■ **INSTRUCTIONS TO FOLLOW**
Give the data again word for word; drop the pictures.

■ **DATA**
○ ○ ○ ○ ○ ○ ○

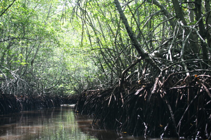 午前中はマングローブ村へバイクを飛ばし、カヌーで探索。
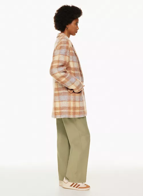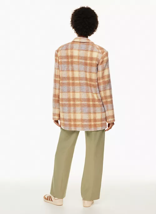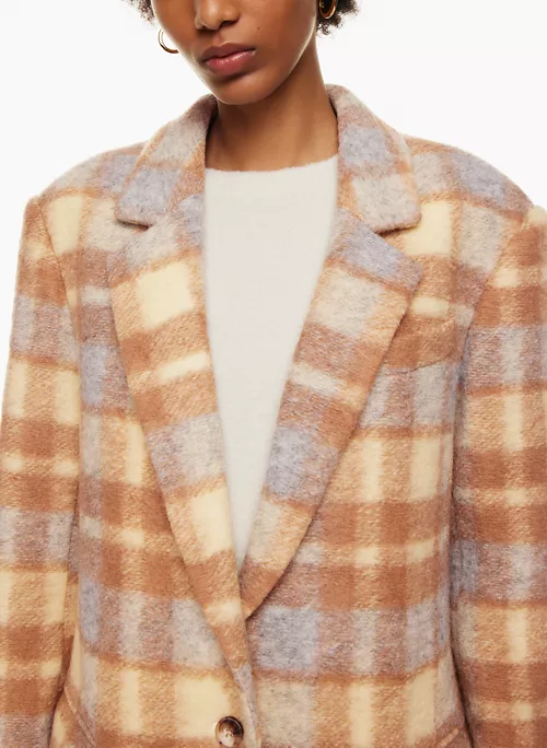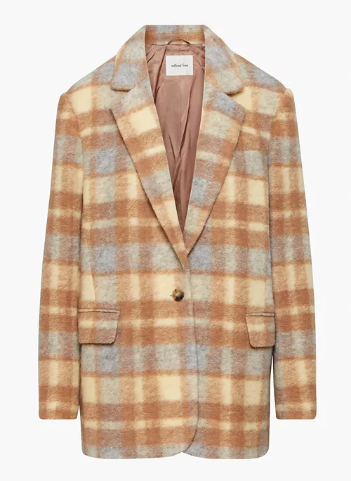 You. This is a relaxed single-breasted blazer with with a notch collar and welt hand pockets. It’s made with soft and luxurious felted wool from Italy. It features a yarn-dyed stripe pattern that’s woven in, as opposed to printed on, for a more dimensional look.Â
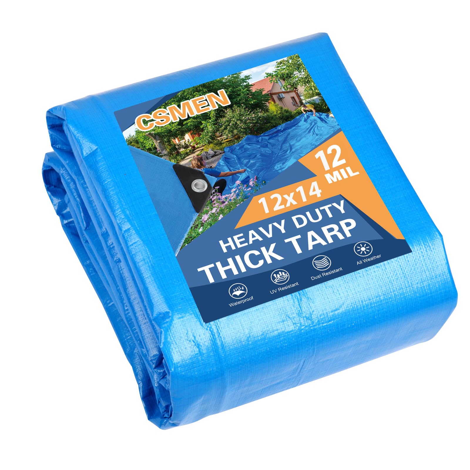 CSMEN Tarp Heay Duty Waterproof 12x14ft,Blue Tarp Cover Plastic Poly Tarpaulin for Outdoor Cover,Emergency Rain,Roof, Pool, Boat,Camping -
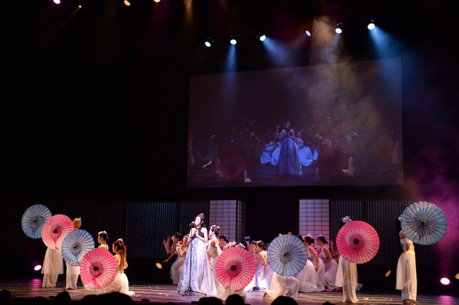 2曲目は「渡月橋 〜君 想ふ〜」。真っ赤な衣装に身を包んだ30名以上のダンサー達は、ゆらりとした楽曲にメリハリのある舞を合わせ、この楽曲に艶やかな魅力を加えていった。3曲目はこの日初披露となった「花言葉」。同じく京都をイメージした楽曲が真っ白の衣装に身を包んだダンサーによる美しい傘の演出を交えて披露される。ドラマチックな楽曲にぴったりなうっとりするようなステージに、会場が魅了された。

○ ○ ○ ○ ○ ○ ○

■ **YOUR SOLUTION**
 午前中はマングローブ村へバイクを飛ばし、カヌーで探索。
 You. This is a relaxed single-breasted blazer with with a notch collar and welt hand pockets. It’s made with soft and luxurious felted wool from Italy. It features a yarn-dyed stripe pattern that’s woven in, as opposed to printed on, for a more dimensional look.Â
 CSMEN Tarp Heay Duty Waterproof 12x14ft,Blue Tarp Cover Plastic Poly Tarpaulin for Outdoor Cover,Emergency Rain,Roof, Pool, Boat,Camping -
 2曲目は「渡月橋 〜君 想ふ〜」。真っ赤な衣装に身を包んだ30名以上のダンサー達は、ゆらりとした楽曲にメリハリのある舞を合わせ、この楽曲に艶やかな魅力を加えていった。3曲目はこの日初披露となった「花言葉」。同じく京都をイメージした楽曲が真っ白の衣装に身を包んだダンサーによる美しい傘の演出を交えて披露される。ドラマチックな楽曲にぴったりなうっとりするようなステージに、会場が魅了された。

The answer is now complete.